▸ TASK ITEM
Retype nothing except the lines below from the one with "I understand why" through the one with "Молодая красивая женщина", exactly, with images left out.

DATA FOR THE TASK START

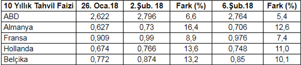 Fed’in bilanço küçültme operasyonu çerçevesinde parasal sıkılaştırmaya başlamış olması ve Trump’ın vergi indirimlerinin yaratacağı enflasyonist baskıya karşılık 3 veya 4 kez faiz artırımı yapabileceği beklentisinin egemen olması tahvil sahiplerinin ellerindeki düşük faizli tahvilleri satmalarına yol açtı. Bunun sonucu olarak da tahvil fiyatları düşerken tahvil faizleri arttı.
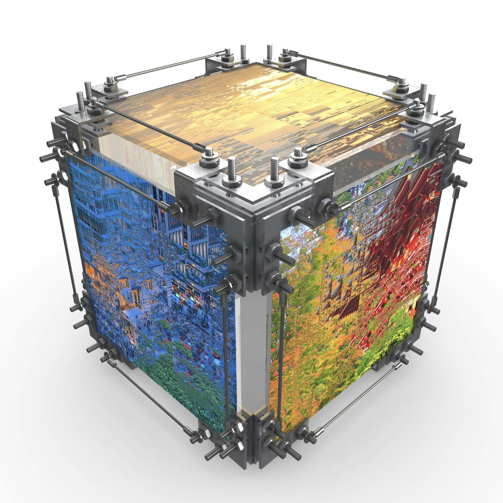 I understand why you’ve asked that question and it reveals an interesting aspect of art appreciation. It’s natural to wonder what an artist has in mind when observing this kind of dissonance and visual tension. Sometimes, however, the answer may be less mysterious and more mundane than you expected, and I hope my answer doesn’t disappoint you. The truth is that I learned early during this project that my Dreamscapes are rich enough to find/extract multiple compelling details from a single scene. When I was accepted as an artist on SuperRare, as a digital-native art platform I thought hard about ways to showcase my art that took advantage of the variety of file types SuperRare supports, now including interactive 3D objects. Years ago, I created my award-winning “Architectonic Photo Cube,” a novel way of displaying photos printed on glass that I dreamed up in the summer of 2011. I thought this might be a great way to showcase my Dreamscape Details and, in the process, express my former life as an architect and 3D graphics researcher. So, I repurposed this design to showcase multiple art pieces in a single art object, one which I hope someday will be experienced at super scale (e.g., 8 feet per side) in a virtual reality gallery setting.
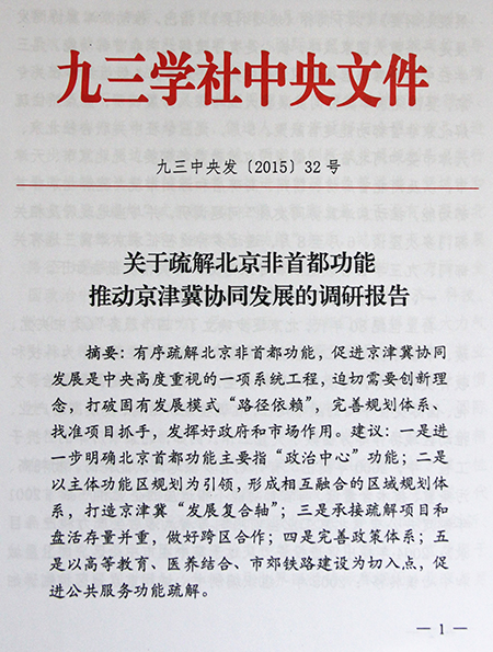 关键词:九三学社 建言 疏解 非首都功能 京津冀
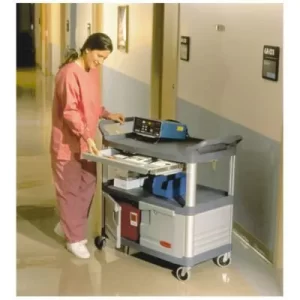 – Hành lang: Xe đẩy phục vụ 2 tầng có ngăn kéo và tủ màu xám giúp dễ dàng di chuyển qua các lối đi hẹp trong khách sạn hoặc văn phòng.
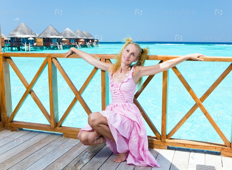 Молодая красивая женщина в розовом сарафане на платформе виллы на воде, Мальдивские острова
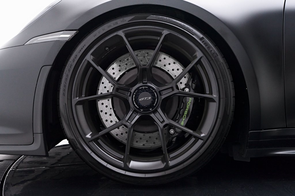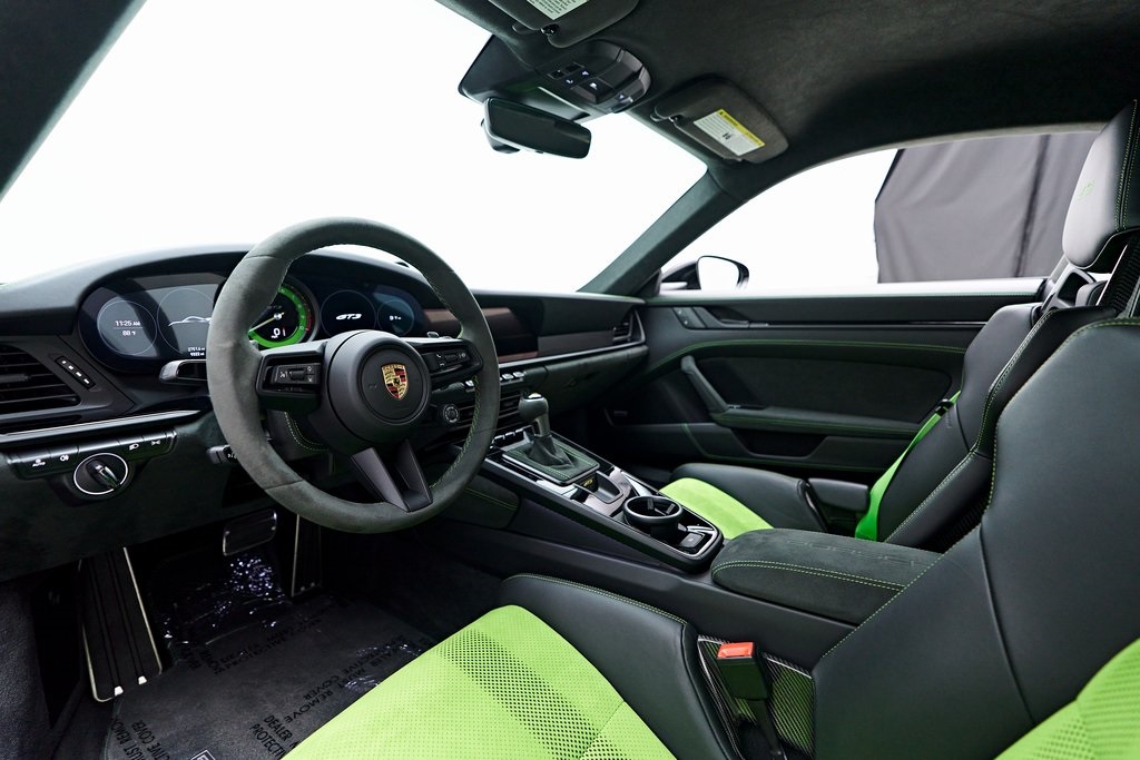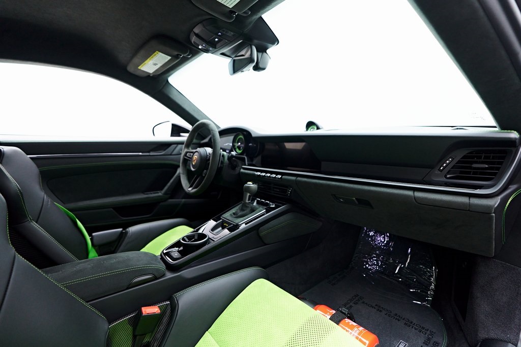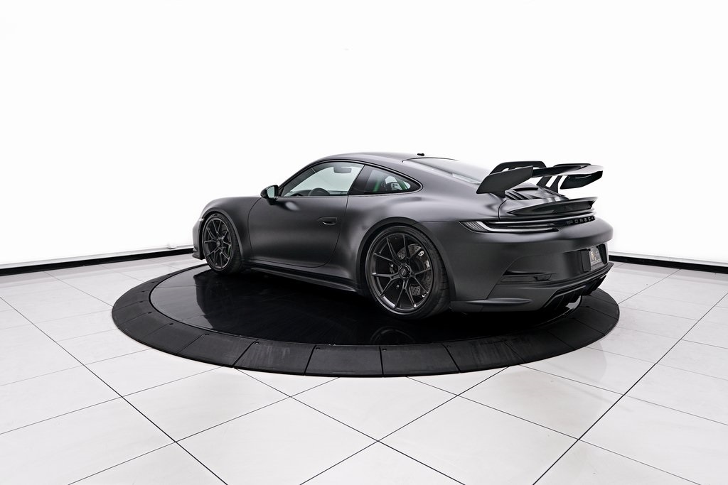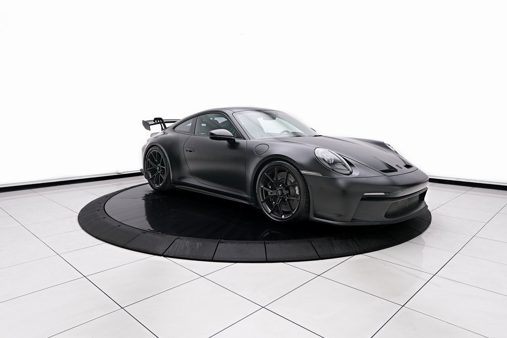 2022 PORSCHE 911 GT3 – Naturally Aspirated. Track Proven. Road Legal.BLACK/LIZARD GREEN RACE TEX INTERIOR, CARBON FIBER BUCKET SEATS, BOSE SURROUND SOUND SYSTEM, AND MORE!OVERVIEWThe 2022 Porsche 911 GT3 represents the purest expression of Porsche's motorsport DNA for the road. It's one of the last high-revving, naturally aspirated engines of its kind––and it sings. At its heart lies a 4.0-liter naturally aspirated flat-six engine, revving to a spine-tingling 9,000 rpm and producing 502 horsepower and 346 lb-ft of torque. Power in this GT3 is routed through a lightning-quick 7-speed PDK Dual-Clutch transmission. The result? 0-60 mph in just 3.2 seconds and a top speed of 198 mph. Aerodynamics play a starring role, with an aggressive rear diffuser and manually adjustable swan-neck rear wing that generate up to 150% more downforce than its predecessor. Agility is further enhanced by rear-axle steering and Porsche Active Suspension Management (PASM). From appearance alone, the GT3's wide body, center-lock wheels, and aggressive aero signal its intent without saying a word. Inside, this track-focused 911 remains modern and functional. Lightweight carbon bucket seats, Race-Tex trim throughout, and GT-specific driving modes provide a true motorsport environment. Yet, despite its track focus, you still get modern conveniences like Apple CarPlay, dual-zone climate control, and a Bose surround sound system. As with many Porsches, customization is key. This example features a full Satin PPF on the exterior, and Lizard Green accents on interior equipment including, the chronograph, seats, and central tachometer. The 2022 911 GT3 is more than a car. It's a precision tool for the track that's comfortable and refined enough to enjoy driving daily on the road. It's pure Porsche performance unfiltered.OPTIONAL EQUIPMENTBlack Exterior (Satin PPF)Black Leather/Lizard Green Race Tex Seats $6,230Full Bucket Seats $5,900Deviated Stitching Interior Package $3,650Extended Dashboard & Door Panel In Leather $3,440Front Axle Lift System $3,670Bose Surround Sound System $1,600Wheels Painted In Satin Neodyme $1,290Exclusive Design Taillights $990Brake Calipers In High Gloss Black $900LED Headlights In Black $850Auto Dimming Mirrors w/Rain Sensor $700Personalized Floor Mats w/Leather Edging $690Exterior Mirror Trim In Exterior Color $660Sun Visors In Race Tex $590Ambient Lighting $580Chrono Package $550Seat Belt Outlet Trims In Race Tex $550Steering Column Casing In Leather $520Sport Chrono Dial In Lizard Green $420Central Tachometer In Lizard Green $420Seat Belts In Lizard Green $360Center Console Lid In Race Tex w/Porsche Logo $34023.7 Gal. Extended Range Fuel Tank $230Fire Extinguisher $180Under Door Puddle Light Projectors $160GENERALYear: 2022Mileage: 9,318VIN #: WP0AC2A98NS270920Engine Size: 4.0L H 6Class: CoupeHorsepower: 502Color: Black (Satin PPF)Interior: Black Leather/Lizard Green Race Tex Fuel: Premium Unleaded GasolineGear Box: 7-Speed PDK (Automatic)Doors: 2Seats: 2Cylinders: 6SAFETY EQUIPMENTDual Stage Driver and Passenger AirbagsElectronic Traction ControlDynamic Stability ControlRoll Stability ControlAnti-Lock Braking SystemDriver Condition ResponseDriver Monitoring AlertTire Specific Low Tire Pressure WarningBack-Up CameraRear Parking Sensors ADDITIONAL INFORMATION2 Keys IncludedBalance of Factory Warranty (if applicable)Extended Warranties Available
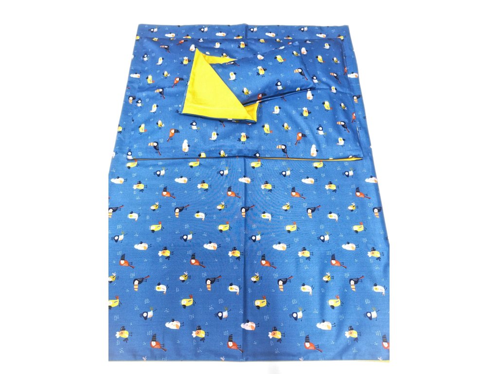 Jedna strana povlečení je jednobarevná, druhá s jemným vzorem tukanů.
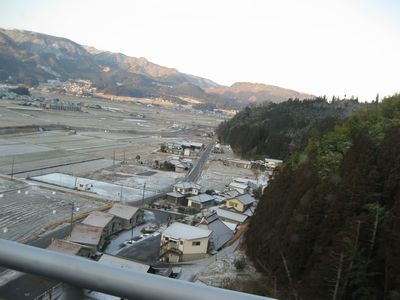 | 山々に囲まれた田んぼと集落も、雪がうっすらと積もっています。 |  |
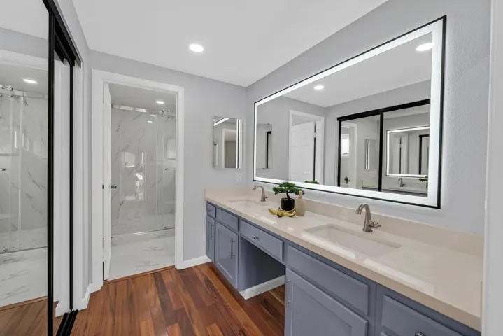 Fabulous Fallbrook Home! Close to Alameda Creek. 4 bedrooms, 2.5 bathrooms, 1800+ square feet, attached 2 car garage with roll up door & opener. Remodeled kitchen features: Quartz countertops & full backsplash, stainless steel appliances include new gas range & oven, microwave, dishwasher, sink & LG refrigerator. New cabinet doors & hardware, tile flooring, recessed lighting, loads of cabinet space including pantry cabinet. Downstairs is engineered wood flooring. Upstairs is tiger wood flooring. Dining area features lots of windows for natural light. Living room w/ fireplace, wood mantle & stone surround & hearth, under staircase storage,& volume ceilings. Remodeled half bath with new quartz vanity top, tile floors, new toilet. Large primary bedroom with raised panel double door entry, large walk in closet w/ mirrored closet doors. Primary bath with state of the art mirror, dual sink vanity w/quartz top, new fixtures,tile flloring, oversized walk in shower,new shower doors,fixtures, & toilet. Remodeled hall bath w/new tile shower, quartz vanity top, tile flooring, & toilet. All bedrooms feature mirrored closet doors.Aggregate concrete decking in backyar plus built in BBQ. Central Heat & A/C,newer water heater,dual pane windows, freshly painted interior.

DATA FOR THE TASK END

▸ WRITTEN RESPONSE
 I understand why you’ve asked that question and it reveals an interesting aspect of art appreciation. It’s natural to wonder what an artist has in mind when observing this kind of dissonance and visual tension. Sometimes, however, the answer may be less mysterious and more mundane than you expected, and I hope my answer doesn’t disappoint you. The truth is that I learned early during this project that my Dreamscapes are rich enough to find/extract multiple compelling details from a single scene. When I was accepted as an artist on SuperRare, as a digital-native art platform I thought hard about ways to showcase my art that took advantage of the variety of file types SuperRare supports, now including interactive 3D objects. Years ago, I created my award-winning “Architectonic Photo Cube,” a novel way of displaying photos printed on glass that I dreamed up in the summer of 2011. I thought this might be a great way to showcase my Dreamscape Details and, in the process, express my former life as an architect and 3D graphics researcher. So, I repurposed this design to showcase multiple art pieces in a single art object, one which I hope someday will be experienced at super scale (e.g., 8 feet per side) in a virtual reality gallery setting.
 关键词:九三学社 建言 疏解 非首都功能 京津冀
 – Hành lang: Xe đẩy phục vụ 2 tầng có ngăn kéo và tủ màu xám giúp dễ dàng di chuyển qua các lối đi hẹp trong khách sạn hoặc văn phòng.
 Молодая красивая женщина в розовом сарафане на платформе виллы на воде, Мальдивские острова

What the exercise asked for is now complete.